DURHAM, N.C. - After investigating his options with his trademark intensity, Sen. Edward M. Kennedy underwent 31/2 hours of risky and exquisitely delicate surgery yesterday to cut out as much of his cancerous brain tumor as possible.
"I feel like a million bucks. I think I'll do that again tomorrow," the 76-year-old Massachusetts Democrat was quoted by a family spokeswoman as telling his wife immediately afterward.
Dr. Allan Friedman, who performed the surgery at Duke University Medical Center, pronounced the operation a success and said it "accomplished our goals." Up next: chemotherapy and radiation, aimed at shrinking whatever is left of the tumor.
"The main goal is to remove as much of the tumor as possible to give any other therapy that we do a better chance of working," said Dr. John Sampson, associate deputy director of Duke's brain-tumor center.
Kennedy was diagnosed last month with a malignant glioma, an often-lethal type of brain tumor discovered in about 9,000 Americans a year. Details about Kennedy's exact type of tumor have not been disclosed, but some cancer specialists said it might be a glioblastoma multiforme, an especially deadly and tough-to-remove type, because other kinds are more common in younger people.
Cutting a tumor down to size, or "debulking" it, is extremely delicate because of the risk of harming healthy brain tissue that governs movement and speech. But Friedman, who is the top neurosurgeon at Duke and an internationally known tumor surgeon, said Kennedy should not experience any permanent neurological effects.
Doctors said Kennedy was awake for much of the surgery, which begins with opening the scalp and removing a piece of the skull. Sometimes, to avoid damaging areas that control speech, surgeons use a probe to stimulate parts of the brain, then hold a conversation with the patient.

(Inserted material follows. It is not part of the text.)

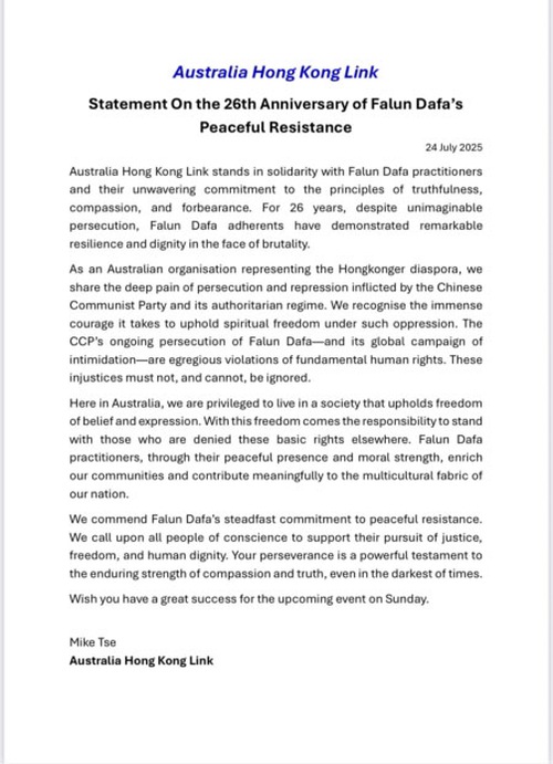 In the letter received from Australia Hong Kong Link: “Australia Hong Kong Link stands in solidarity with Falun Dafa practitioners and their unwavering commitment to the principles of Truthfulness, Compassion, and Forbearance. For 26 years, despite unimaginable persecution, Falun Dafa adherents have demonstrated remarkable resilience and dignity in the face of brutality.

In the following days, Kennedy will probably receive drugs to prevent brain swelling and seizures, which are possible complications of the surgery. The senator will also be closely watched for bleeding and blood clots. He is expected to return to Boston in about a week.
"After a brief recuperation, he will begin targeted radiation at Massachusetts General Hospital and chemotherapy," Friedman said.
The outlook for patients with malignant gliomas is poor. Surgery is rarely a cure but is considered the best option for extending life.
Rep. William Delahunt (D., Mass.), a longtime friend, said Kennedy threw himself into helping find treatment options in much the same way he searched for cures when son Edward Jr. faced bone cancer at age 12 and daughter Kara had lung cancer five years ago.
He went so far as to pull Kara out of Johns Hopkins and took her to a Boston hospital when he was not satisfied with her treatment. In his own case, he met on Friday with family and doctors at Mass General and decided then to head to Duke for treatment.
Typical radiation treatment is five days a week for a month, using 3-D imaging techniques that narrowly deliver the beams to the tumor, affecting as little surrounding tissue as possible.